Writing reinforcement learning algorithms is fun! But after the fun, we have lots of boring things to implement: run our agents in parallel, average and plot results, optimize hyperparameters, compare to baselines, create tricky environments etc etc!

rlberry is a Python library that makes your life easier by doing all these things with a few lines of code, so that you can spend most of your time developing agents. rlberry also provides implementations of several RL agents, benchmark environments and many other useful tools.

Check our getting started section!

Getting started

In our documentation, you will find a quick tutorial to the library.

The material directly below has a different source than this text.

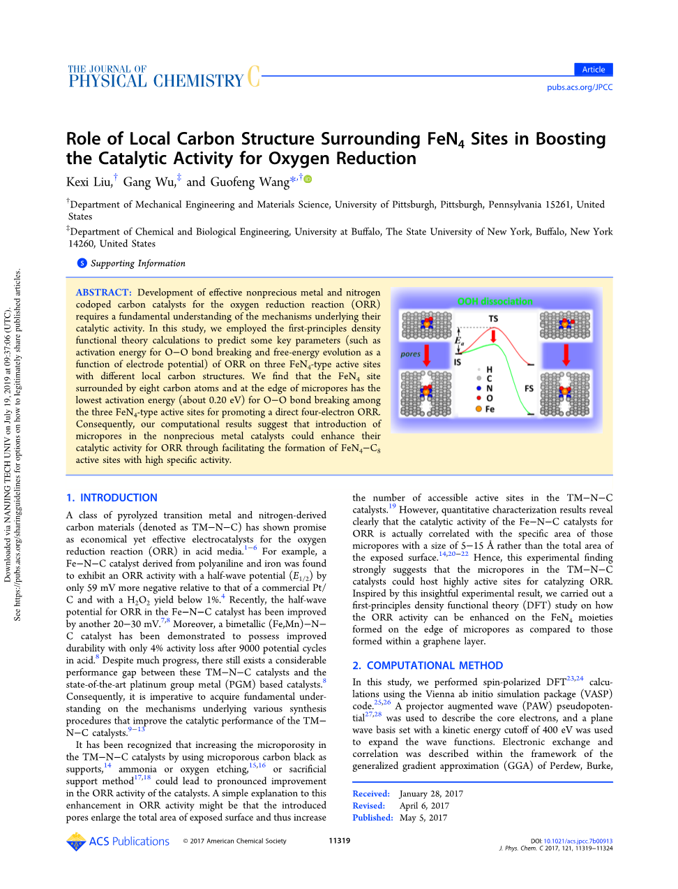TMminus;Nminus;C催化剂中可接近的活性位点的数量。然而,定量表征结果清楚地揭示了Fe-N-C催化剂对ORR的催化活性实际上与尺寸为5-15Aring;的微孔的特定面积相关,而不是暴露表面的总面积。因此,这一实验结果有力地表明,TM-N-C催化剂中的微孔可能具有催化ORR的高活性位点。受这个见解深入的实验结果的启发下,我们进行了第一原理密度泛函理论(DFT)的研究,研究了在微孔边缘形成的FeN4部分与在石墨烯层中形成的FeN4部分相比,如何增强ORR活性。

Also, we provide a handful of notebooks on Google colab as examples to show you how to use rlberry:

Content Description Link
Introduction to rlberry How to create an agent, optimize its hyperparameters and compare to a baseline. Open In Colab
Evaluating and optimizing agents Train a REINFORCE agent and optimize its hyperparameters Open In Colab

Citing rlberry

If you use rlberry in scientific publications, we would appreciate citations using the following Bibtex entry:

@misc{rlberry,
author = {Domingues, Omar Darwiche and Flet-Berliac, Yannis and Leurent, Edouard and M{\'e}nard, Pierre and Shang, Xuedong and Valko, Michal},
doi = {10.5281/zenodo.5223308},
month = {8},
title = {{rlberry - A Reinforcement Learning Library for Research and Education}},
url = {https://github.com/rlberry-py/rlberry},
year = {2021}
}

Tests

$ pip install pytest
$ pip install pytest-cov
$ pip install -e .[jax_agents]
$ pip install -e .[torch_agents]
$ cd scripts
$ bash run_testscov.sh

and coverage report in cov_html/index.html.

Contributing

Want to contribute to rlberry? Please check our contribution guidelines. A list of interesting TODO's will be available soon. If you want to add any new agents or environments, do not hesitate to open an issue!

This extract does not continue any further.